__EXERCISE AIM__:
Every line below between the line holding "值得一提的是,小區將改造中庭" and the line holding "Mountains and cattle", inclusive, should be repeated exactly, and all other lines omitted.

=== LISTED ENTRIES ===

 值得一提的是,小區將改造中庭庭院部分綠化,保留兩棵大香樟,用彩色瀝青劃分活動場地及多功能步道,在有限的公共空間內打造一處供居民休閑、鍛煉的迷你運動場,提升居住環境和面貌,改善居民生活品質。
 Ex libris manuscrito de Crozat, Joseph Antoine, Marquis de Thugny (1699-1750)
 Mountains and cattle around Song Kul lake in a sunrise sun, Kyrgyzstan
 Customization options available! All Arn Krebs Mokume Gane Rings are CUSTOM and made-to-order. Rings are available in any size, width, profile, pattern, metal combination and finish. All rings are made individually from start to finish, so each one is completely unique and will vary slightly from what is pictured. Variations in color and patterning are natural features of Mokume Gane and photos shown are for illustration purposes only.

===
=== LISTED ENTRIES ===

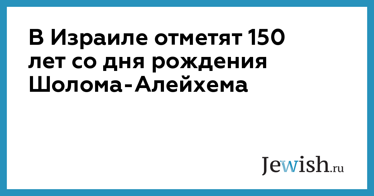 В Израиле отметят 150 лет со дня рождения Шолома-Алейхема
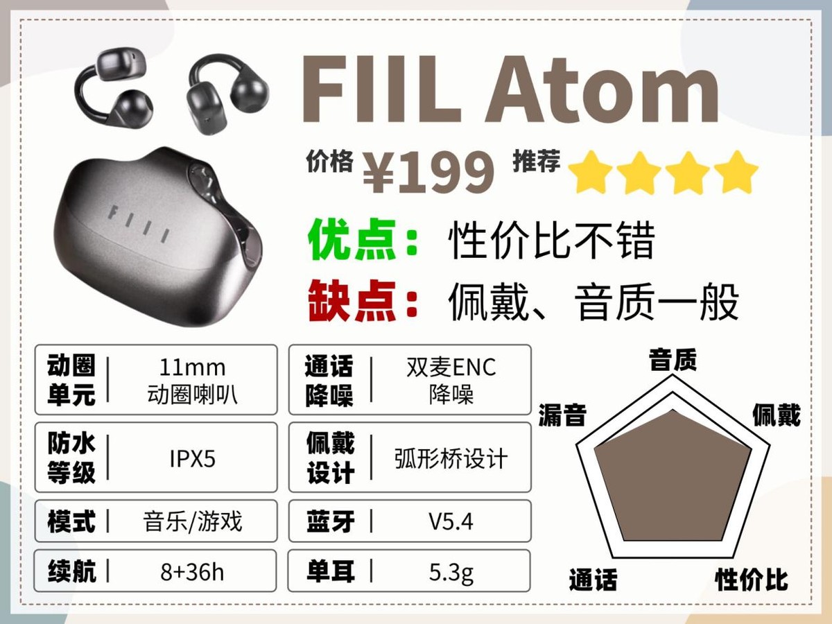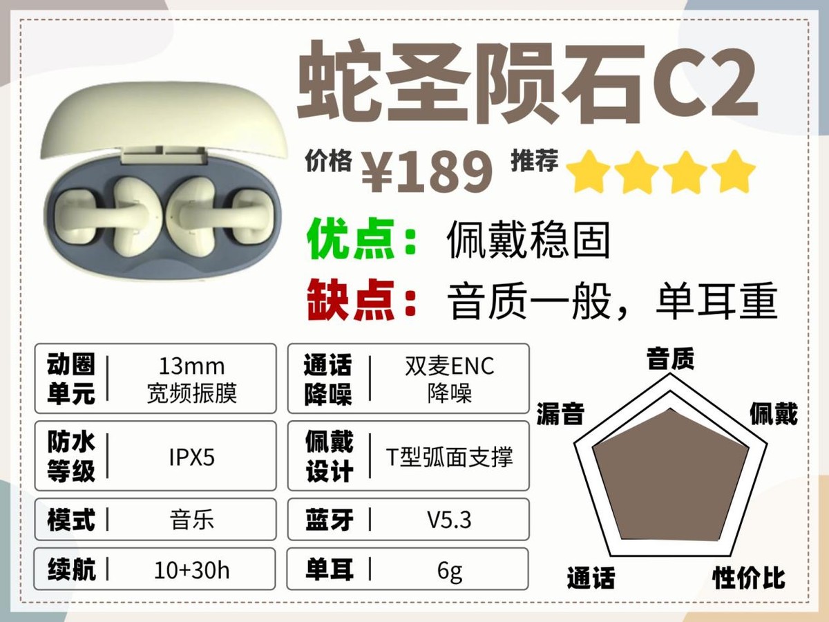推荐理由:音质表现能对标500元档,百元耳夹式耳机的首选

===

__ANSWER TO THE EXERCISE__:
 值得一提的是,小區將改造中庭庭院部分綠化,保留兩棵大香樟,用彩色瀝青劃分活動場地及多功能步道,在有限的公共空間內打造一處供居民休閑、鍛煉的迷你運動場,提升居住環境和面貌,改善居民生活品質。
 Ex libris manuscrito de Crozat, Joseph Antoine, Marquis de Thugny (1699-1750)
 Mountains and cattle around Song Kul lake in a sunrise sun, Kyrgyzstan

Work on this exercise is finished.